Hair in Africa through the years, and depending on the region, telegraphs different messages such as social status, religion, gender and mourning, according to Roy Sieber of New York's Museum for African Art and the exhibition's co-curator.

Stateside hair today is mostly about aesthetics, though the American Afro of the 1960s was as much a political statement as it was about style. Nawili Gray, a hair braider of 30 years, has seen styles evolve from the large braids decorated with jade or crystals in the 1970s to hair extensions and tiny tight braids in the 1990s.

Gray demonstrated hair wrapping techniques, nimbly coiling white yarn around strands of Luis Dixon's short hair. Dixon, 53, waited patiently as Gray worked on his head, beginning at the scalp. He ended up with a "scalp wrap" of three white twists--one on top and one on each side.

"I like it when a woman messes with my hair," Dixon said. "It creates both a spiritual and aesthetic experience." But getting his hair done also gave him a sense of confidence, he said.

"I've been raised in a society where hair has always been a big issue," he said. "I just decided one day that I wanted to turn my life over to a higher source--and to do that meant letting go of control of my hair."

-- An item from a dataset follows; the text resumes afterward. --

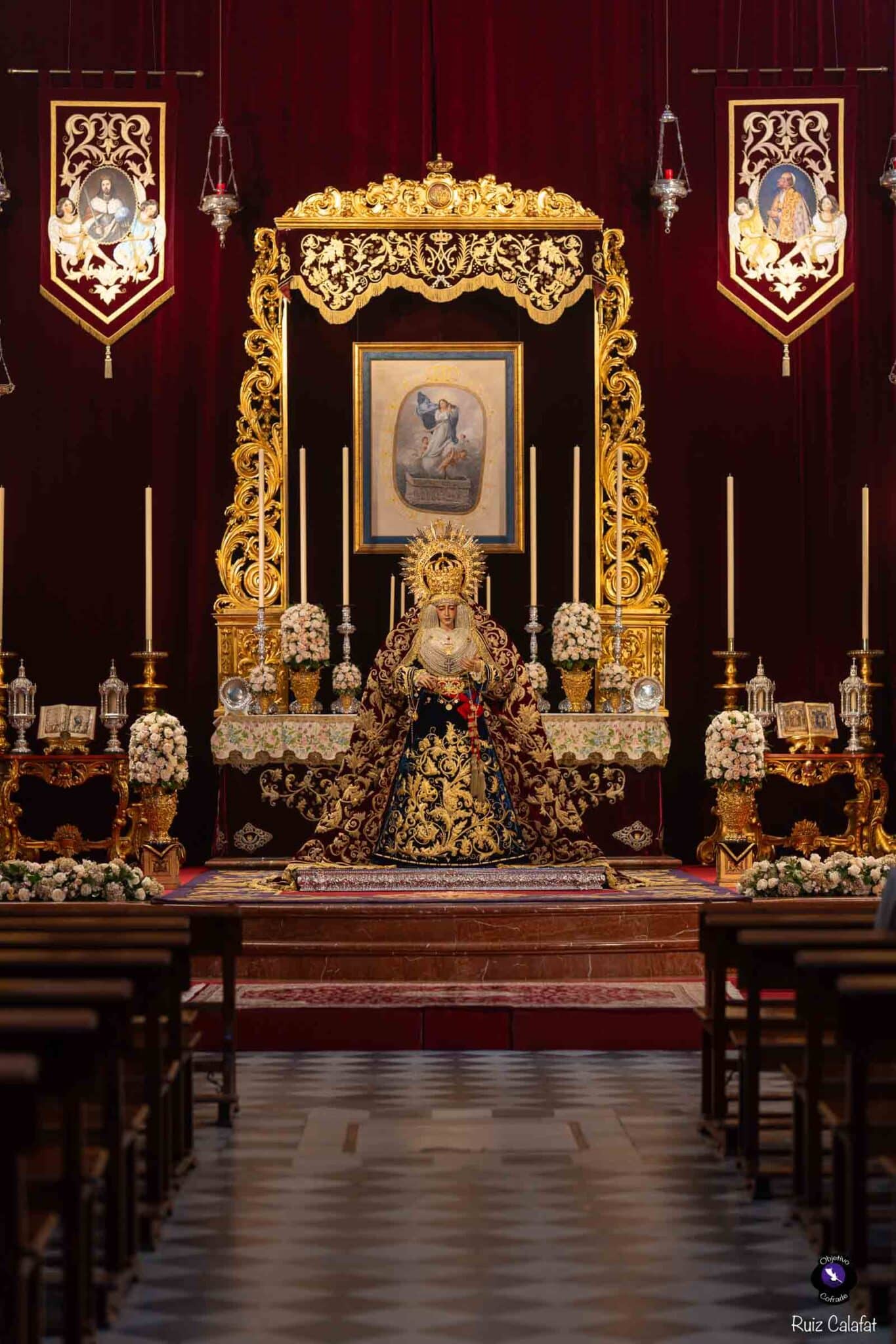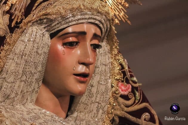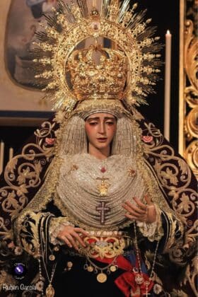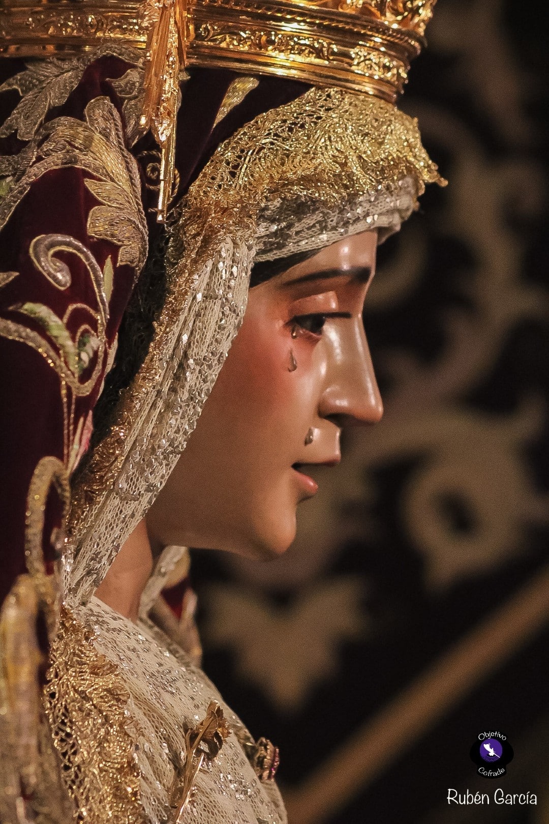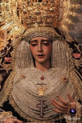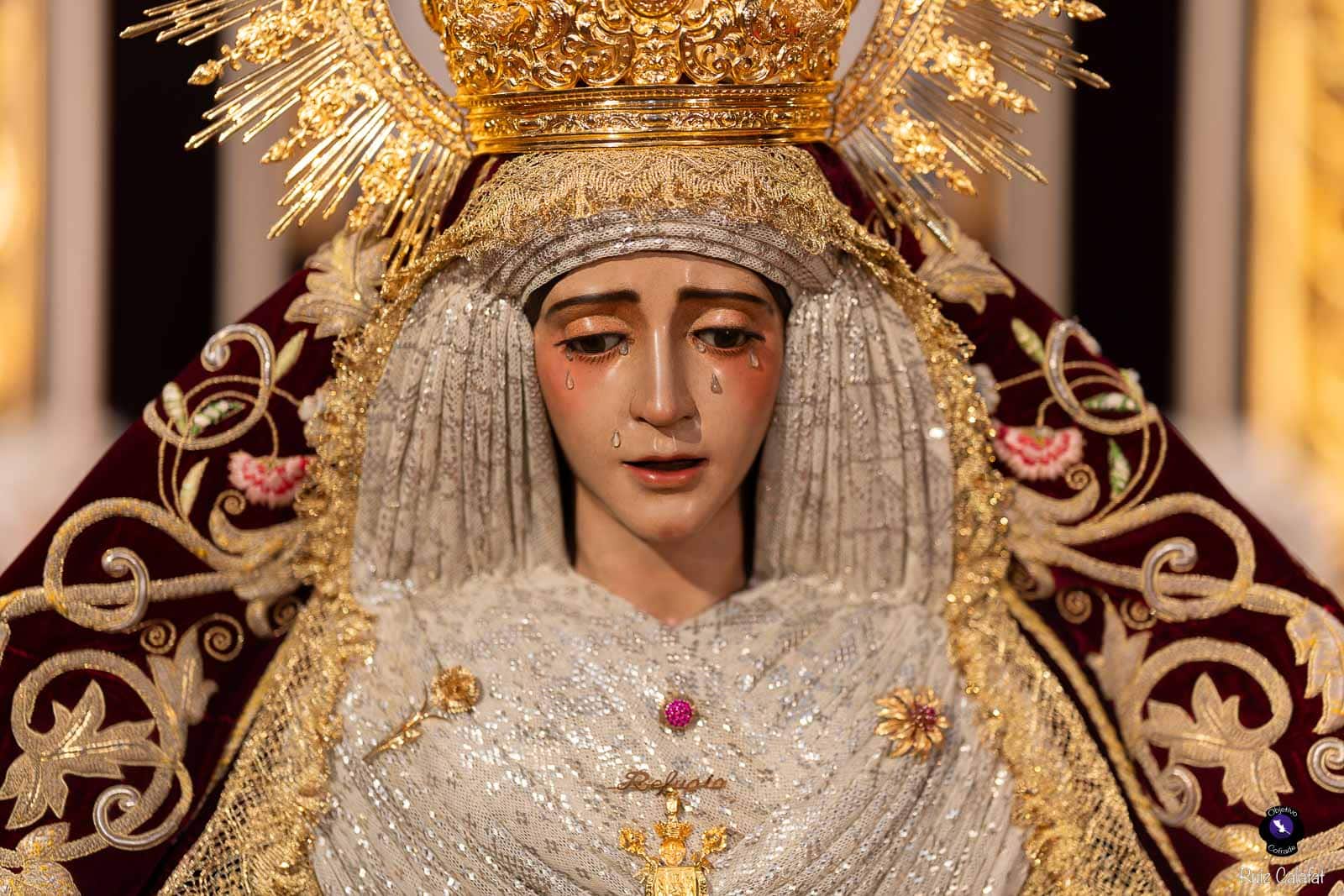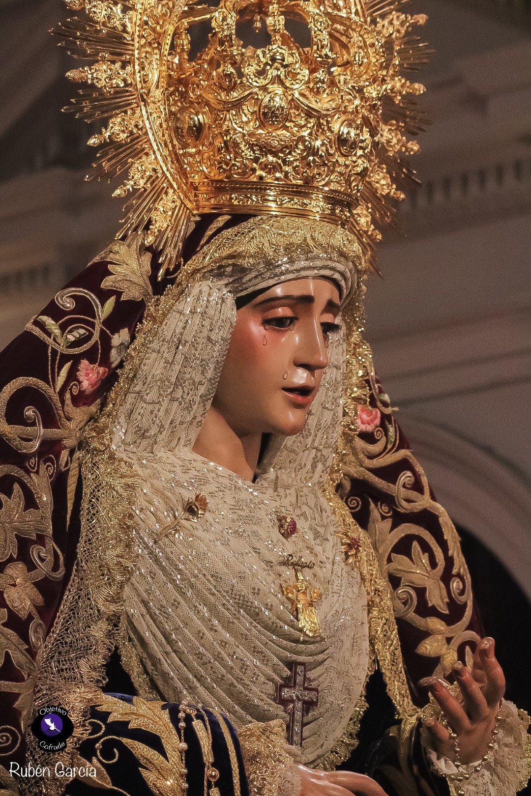 La Virgen del Refugio se presenta ante los fieles con una estampa cuidada al detalle, luciendo saya azul confeccionada por Jesús Rosado Borja bajo diseño de Pepe Asian Cano, junto al manto de salida diseñado por Juan Manuel Rodríguez Ojeda y realizado por Esperanza Elena Caro. Una imagen que refuerza el carácter sobrio y elegante que siempre ha definido a esta advocación mariana del barrio.

The rich traditions of African braiding are not lost on young girls, teens and younger who assisted in the demonstrations. "It's something I enjoy," said Taaz Brown, 16, who is learning the craft in a "Young Images Arising" program offered by the L.A.-based company Institute of Fine Braidery Arts.

"I can show my creative style," she added as she braided extensions into Kiarra Elliott's hair. Brown herself favors cornrows.

The exhibit, which continues through Aug. 19, highlights more than 170 artifacts such as elaborate combs, wigs, head masks, statues and black-and-white tribal photographs that document hair in Africa and America.

The show includes an authentic, modern-day barber shop brought from Ghana that is decorated with American sayings such as "time is money" and "sporting waves."

"I'm glad that people can identify with the [African] culture," hair braider Gray said. "But at the same time it's great to have your own expression. You don't have to look like everybody else."